Lowco, le « Tinder » de la transition écologique

Par Johan Debière  - 3 avril 2018 à 15:04 | 272 vues

De gauche à droite : Corentin Bastin, Kristoffer Berger et Antoine Ramet, trois initiateurs du projet Lowco.

Tout récemment, nous avons fait la connaissance de Lowco, un chouette projet d’application destinée à soutenir les producteurs, les artisans et les commerçants locaux et low carbon en communauté Wallonie-Bruxelles.

 

Les nouvelles apps proposées sur l’App Store et sur Google Play sont chaque jour un peu plus nombreuses à proposer, qui des solutions pour co-voiturer intelligemment, qui pour ne pas gaspiller des biens de consommation courante, qui pour géolocaliser des dépôts sauvages ou des trous dans la chaussée. Dernier arrivé dans une posture plus ancrée encore dans la transition écologique : Lowco, une application qui permettra de trouver et de soutenir de différentes manières des producteurs, des artisans et des commerçants locaux et low carbon en communauté Wallonie-Bruxelles.
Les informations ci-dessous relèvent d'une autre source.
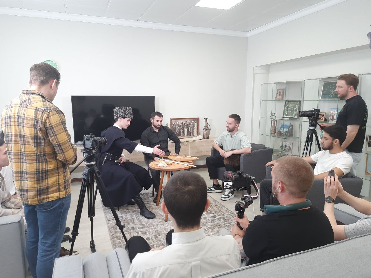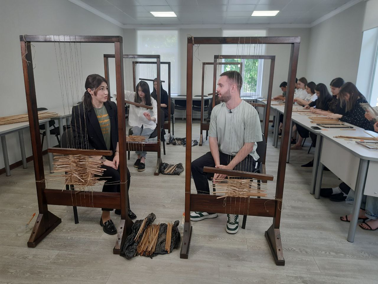 Журналисты взяли интервью у ректора АГУ Дауда Мамия, пообщались с руководителями стратегических и кластерных проектов, реализуемых в рамках программы «Приоритет 2030». Побывали в научных лабораториях и учебных аудиториях, в Ботаническом саду АГУ, зоологическом и геолого-минералогическом музея, Математическом парке. Поучаствовали в репетиции ансамбля народного танца «Нарт», где ведущий Михаил Ломов не только осваивал базовые элементы адыгского танца, но и аккомпанировал танцорам на аккордеоне. В Институте физической культуры и дзюдо АГУ под руководством Пшимафа Гуатыжа он отрабатывал приемы дзюдо, а на факультете адыгейской филологии и культуры – познакомился с особенностями адыгского этикета и поучаствовал в мастер-классах по плетению циновки, золотому шитью и мужскому многоголосному песнопению.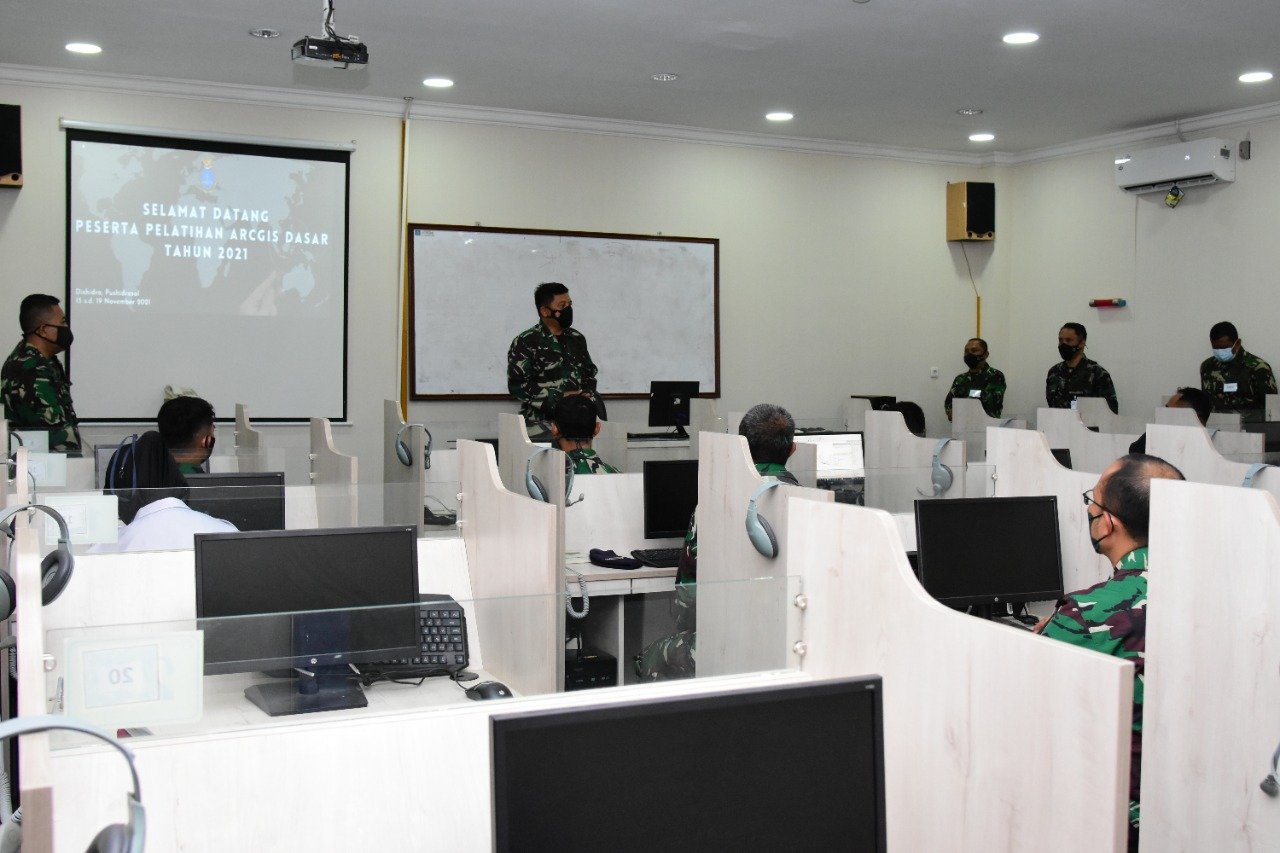 Guna meningkatkan proffesionalisme personel, Pusat Hidro-Oseanografi TNI AL (Pushidrosal) menggelar pelatihan ArcGIS tingkat Dasar, Senin (15/11/2021).

Autour de ce qui n’était qu’une idée née en 2015, Kristoffer Berger, ULBiste touche-à-tout, sorti de sciences-po, rassemble très vite quelques amis aux profils complémentaires. Après avoir décroché une bourse de pré-activité auprès de l’Agence pour l’Entreprise et l’Innovation, il met sur le papier, avec le concours d’un ami anthropologue et d’un autre, travailleur social, ce qui allait devenir Lowco. Ils en finalisent ensuite la conception structurelle avec le soutien, cette fois, de la fédération d’entreprises sociales SAW-B. L’interface, actuellement encore à l’état de projet (ndlr: l’application doit être lancée à l’été 2018), propose quatre rubriques distinctes : alimentation, mode/bien-être, loisirs/formations, maison et services.

 

Lowcoscope : un outil d’évaluation fiable, mais bienveillant

L’application repose sur un module d’évaluation : le Lowcoscope. « Un outil mis au point par notre équipe multidisciplinaire, qui permet à des utilisateurs triés sur le volet, que nous appelons Lowcomoteurs, d’analyser le commerce, l’artisan, le restaurant ou le service proposé à partir d’une grille d’analyse », explique Kristoffer. Attention : aucun rapport avec les critiques parfois délivrées sur des plateformes comme Amazon ou Tripadvisor. « Avec Lowco, on n’est ni dans le complaisant, ni dans le destructeur. Nous souhaitons amener les utilisateurs de Lowco à porter un regard bienveillant sur les commerçants, artisans et producteurs locaux. »

En procédant de la sorte, Lowco contribue à instaurer une symétrie de l’information : le consommateur est informé à propos de la nature des produits et services proposés et, d’un autre côté, il contribue à rendre plus clair le modèle économique que l’on fait vivre en achetant auprès de ce point de vente. Comme Kristoffer Berger se plaît à le répéter, « il s’agit d’une démarche positive dont le but est de provoquer un coup de foudre écologique pour tisser des relations durables entre les consommateurs, les producteurs et les artisans locaux et durables ». Une approche qui l’a parfois amené à présenter Lowco comme le Tinder de la transition écologique.

L’outil permet également aux utilisateurs d’évaluer les propositions des commerçants, artisans et producteurs référencés : lancement d’un nouveau service, d’un nouveau fromage bio, d’un nouveau mode de livraison écologique, etc.

Pour se financer, Lowco compte demander 50 euros aux producteurs et commerçants qui seront repris sur l’application, soit moins de 14 centimes par jour. Lowco s’inscrivant dans une démarche associative, des contacts sont par ailleurs en cours avec les pouvoirs publics afin de trouver des soutiens complémentaires. En outre, le modèle s’appuiera sur le travail bénévole d’une communauté de Lowcomoteurs. « Pour l’heure, alors que nous n’avons pas encore communiqué, nous comptons une vingtaine de Lowcomoteurs qui se sont spontanément proposés pour tester l’application en situation réelle. Ils nous viennent de partout et nous confortent dans cette idée que le projet répond à une vraie attente du consommateur, dans la mesure où la communication n’a pas encore véritablement commencé. » Autre élément encourageant : la campagne de growdfunding (un clin d’œil aux opérations de crowdfunding), initiée fin 2017 par le Village Partenaire, a permis de récolter plus de 10.000 euros auprès de quelque 350 donateurs.